Six months ago, I left Ashoka to develop my idea for a green energy investing platform. Needless to say, it's been a wild ride. I wrote about it on my second day on the job, when Career-man was at war with Entrepreneur-man within.
I rode a roller coaster through those early days and, more often than not, Entrepreneur-man ruled the day. Then September devolved into October, and November was fast on its heals. The credit crisis, collapsing financial markets, and freezing up of capital flows all combined to make it quickly apparent that my timing was off.
Luckily, I was too small to fail, to borrow my pal Howard Lindzon's phrase.
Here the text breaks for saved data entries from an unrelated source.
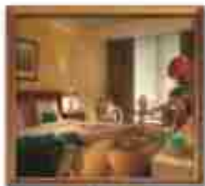
★★★★ 77 Terrace Place Jamaica Jamaica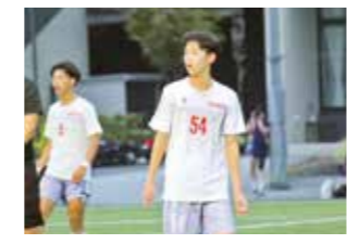
最高の環境でサッカーを追求したくて武南高校を選びました。仲間と共に切磋琢磨した日々は、何物にも代えがたい大切な思い出です。

2年次から選抜コースに進んだことで周囲との差を実感し、勉強時間を少しずつ増やしながら、模試への意識を高め、英語に触れる時間を確保しました。英語は伸びるまでに時間がかかるため、単語・熟語の習得はもちろん、構文を素早く把握する力と英文の論理展開に慣れておくことが、受験勉強を行う上で重要だと思います。ぜひ粘り強く取り組んでください。明治大学は前身が法律学校で、歴史ある法学部があることが魅力的だったので志望しました。将来は法科大学院に進学し、弁護士または検察官になることを目指しています。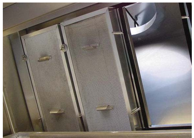
Panel de cajetines de filtros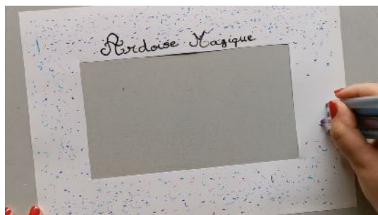
Écrire ardoise magique, faire plein de petits points de couleur pour décorer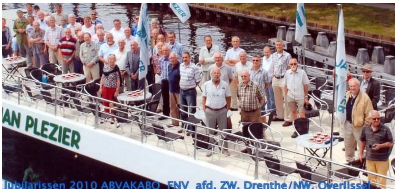
Jubilarissen aan boord van de rondvaartboot.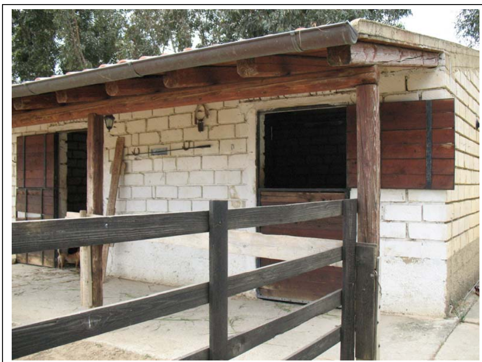
Rilievo Fotografico – Corpi secondari A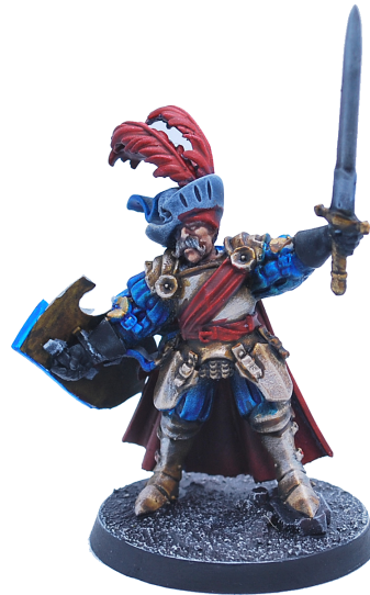
Commandant de la garde

– le Morgenstern – et leur donner un peu de résistance – le Bouclier – ainsi que trois Pêcheurs servant de chair à canon complètent la bande pour lui donner du corps et une solidité relative, avec un seuil de déroute à 3 figurines.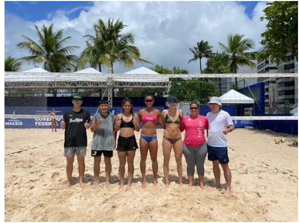
訓練交流賽及場地適應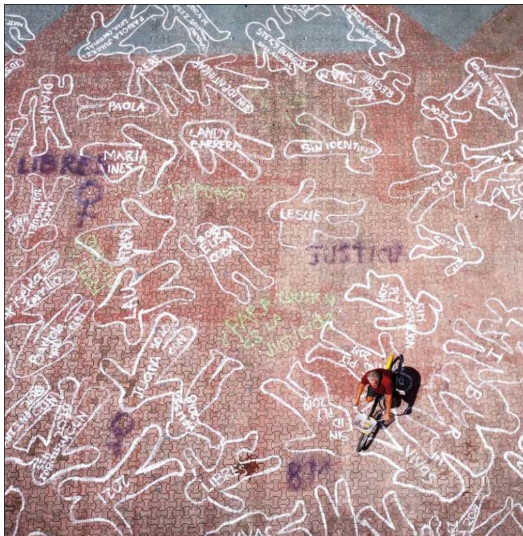
En Campeche llegó alguien y dijo que cuando la viera la mataría; en Q. Roo alguien no amenazó, mató porque era mujer; en Yucatán alguien más murió sólo por eso, ser mujer.

Cuando llegue otra vez ella a un escritorio para pedir seguridad, protección, salvar su vida, quien la escuche... ¿lo sabrá? ¿entenderán? ¿o simplemente dejarán que todo pase? ¿y que mueran y pase y pase otra vez?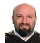
Christian Alain CREATIVIDAD Y WEB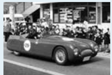
さまざまなクラシックカーが参加します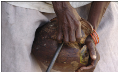
L’écorçage de noix de coco

[ En écorçant les cocos, chant titi, Vanua Lava ]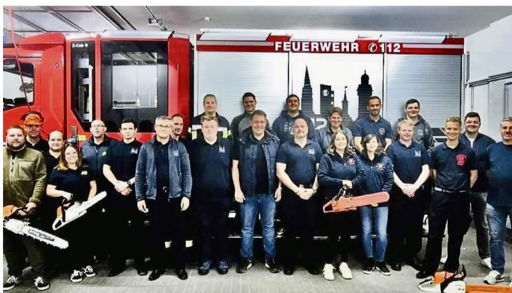
Einsatzkräfte der Feuerwehren der Großgemeinde Korbach lernten bei einem Lehrgang, was bei der Arbeit mit der Motorkettensäge zu beachten ist.

Die Motorkettensäge kommt nicht nur bei Windbruch nach Stürmen, sondern auch bei vielen anderen Einsatzlagen wie Verkehrsunfällen oder Bränden zum Einsatz, bei denen oftmals Rettungs- oder Angriffswege freigeschnitten werden müssen. „Der fachgerechte Umgang ist dabei nicht nur für die Einsatzkräfte selbst von Bedeutung, oftmals hängt auch das Leben von anderen davon ab“, heißt es in der Pressemitteilung. Die erlernten Kennt-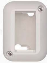
1 módulo blanco 713892

Disponibile en tres formatos, 1, 2 y 3 módulos. Colores blanco y marfil.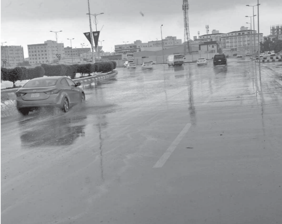
مياه الأمطار أغرقت شوارع القاهرة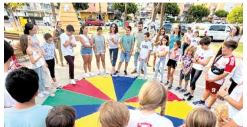
També va ser un dia de jocs

era obtenir un resultat concret d'aquest dia, que es va materialitzar en un manifest sobre els seus drets (en adjunt), i especialment, en la creació d'unes rajoles que quedarien de manera permanent en l'espai públic de la ciutat.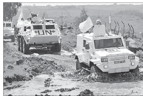
Австрийские миротворцы на Голанах

Путин нашел замену австрийским миротворцам на Голанах. Президент России Владимир Путин заявил, что российские военнослужащие могут заменить австрийских миротворцев на Голанских высотах в том случае, если ООН и «региональные державы» эту идею поддержат.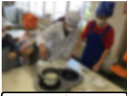
調理実習 ～ご飯を炊こう～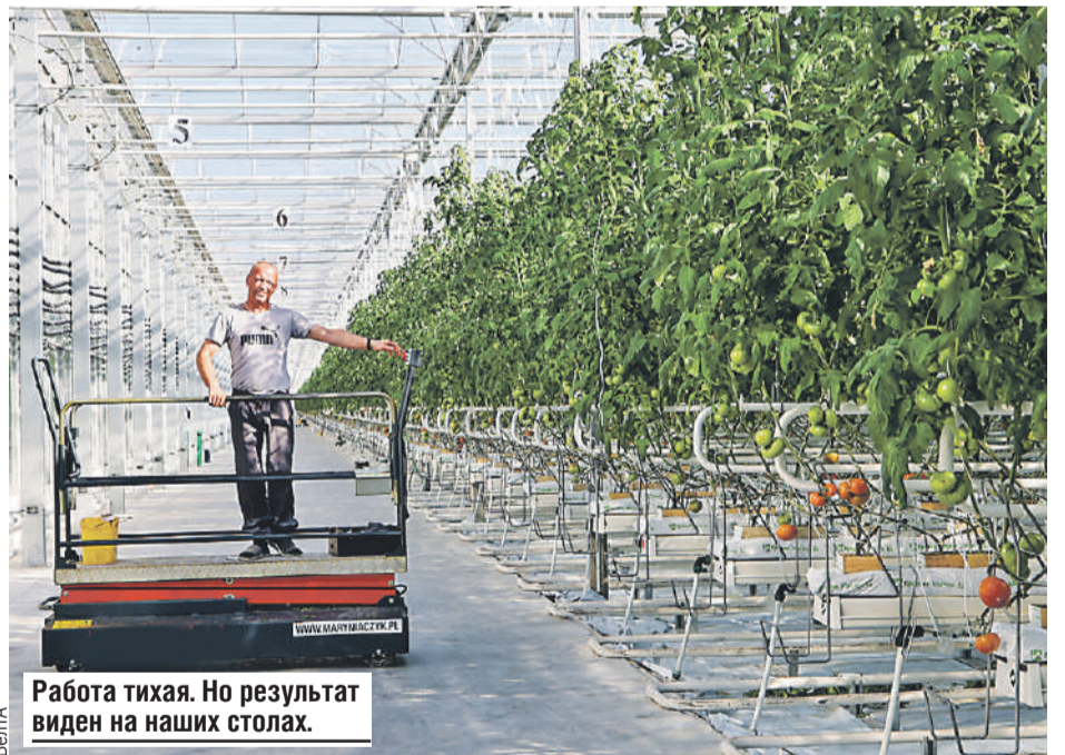
Работа тихая. Но результат виден на наших столах.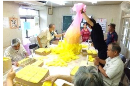
フルーツキャップの 袋詰め作業の様子

市からの地域活動支援センター事業委託費のみでの運営が厳しいので、ご支援をお願いします。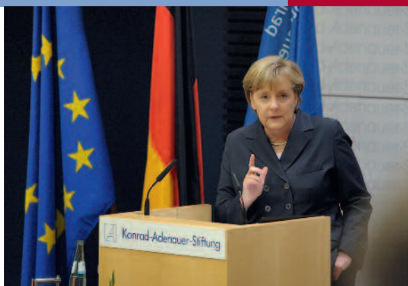
Bundeskanzlerin Dr. Angela Merkel auf dem Tag der KAS.

Die Rede der Bundeskanzlerin, Dr. Angela Merkel, war der Höhepunkt dieser Veranstaltung, die in 2011 ganz im Zeichen des Arbeitsschwerpunkts Integration stand. Persönliches Engagement für eine integrative und funktionierende Gesellschaft, das war die Kernbotschaft der Kanzlerin. Sie machte deutlich, dass in der Integrationsdiskussion kein Platz für Pauschalisierung oder Übertreibung ist: „Wir brauchen eine Debatte mit Maß und Mitte.“ Dazu gehören aus Merckels Sicht vor allem zwei Grundsätze: „Erstens: Wir reden nicht über, sondern mit Migranten. Und Zweitens: Wir fördern und wir fordern.“ In Lesungen, Präsentationen und Filmvorführungen wurde die nationale und inter-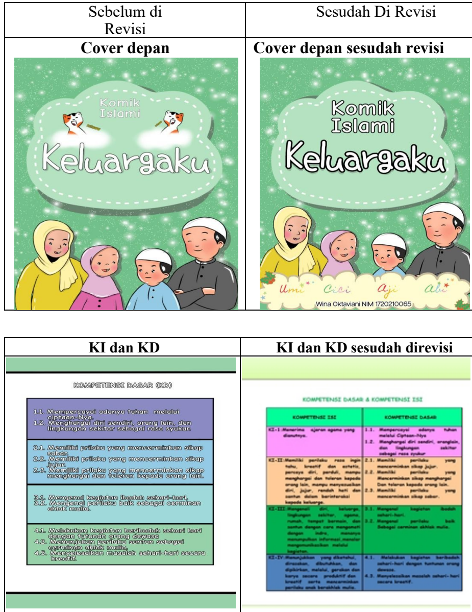
Gambar 2. Revisi Prototipe 1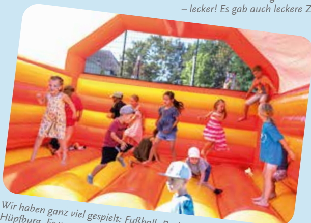
Wir haben ganz viel gespielt: Fußball, Basketball und auch auf der Hüpfburg. Es war ganz cool auf dem Schulhof zu spielen. Ich habe auch zugeguckt wie meine Schwester und mein Bruder Bungee-Run gemacht haben.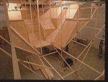
Métamorphose d'impact Installation, 2007 Le Crédac & Attitudes, Paris

I hadn't taken anybody's money and didn't have any employees to lay-off. I started consulting more and began retooling my idea to adapt to the market realities.
"Life is what happens to you while you're busy making other plans," sang John Lennon in one of the last songs he recorded before his untimely death.
Am I wiser for this experience? It's too soon to tell. Too soon to tell if it is a failure. Is an idea a failure if it doesn't evolve beyond the idea stage? Or is it still just an idea? I do know a lot more now about what it feels like to put yourself out there and try to prove an idea.
Of course, my idea isn't dead. Indeed, I had more interest in it last week than I've had in 3-4 months. So much so that I started dusting off the PowerPoint slides and the rudimentary business plan. Rather, the idea is in a holding pattern while life happens.
"Nobody told me there'd be days like these," Lennon sang in another song. Who could have told me? Many ideas take longer to gestate and develop. Some ideas take two or three years to become realized. I've only been at it six months and, even then, not full-time, full-tilt over those six months. (I still have to pay the bills.)
So, I haven't given up the dream. My entrepreneurial dream is still alive, and I get more excited and animated about it when I talk to people about it. Even last night, talking about it with a stranger, an investment banker, in my neighborhood bar: I got excited about it, and he could see the value, had a couple of ideas about people to whom I should talk.
These days, I find Entrepreneur-man wrestles more each day with Career-man. (Having a mortgage and kids always provides a dose of reality.) I have swung from wanting to remain fiercely independent to entertaining the notion of joining another's enterprise. (And don't think people haven't tried to pull me in one direction or another.)
Why am I telling you all this? I've learned it pays to be forthright.
Sure, I want my idea to blossom into the next big thing, but some days I am not sure it will or that I'm the one to do it. (I've been told the entrepreneurs who succeed never waiver in their belief that they will achieve their goals, but I don't trust that assertion...)
I'm writing this hoping it will help other entrepreneurs who are facing the same thing in this crazy economy. (I heard from some after I tweeted some of my thoughts last night.)
I also heard from folks who may be able to be help find partners for this idea-not-yet-enterprise...
So, consider this a six-month gut-check. No one could have foreseen where we'd be right now, either in the markets or in our enterprises. We have a long way to go, but being nimble, wisely paying attention to signals, and being forthright may help us along the journey.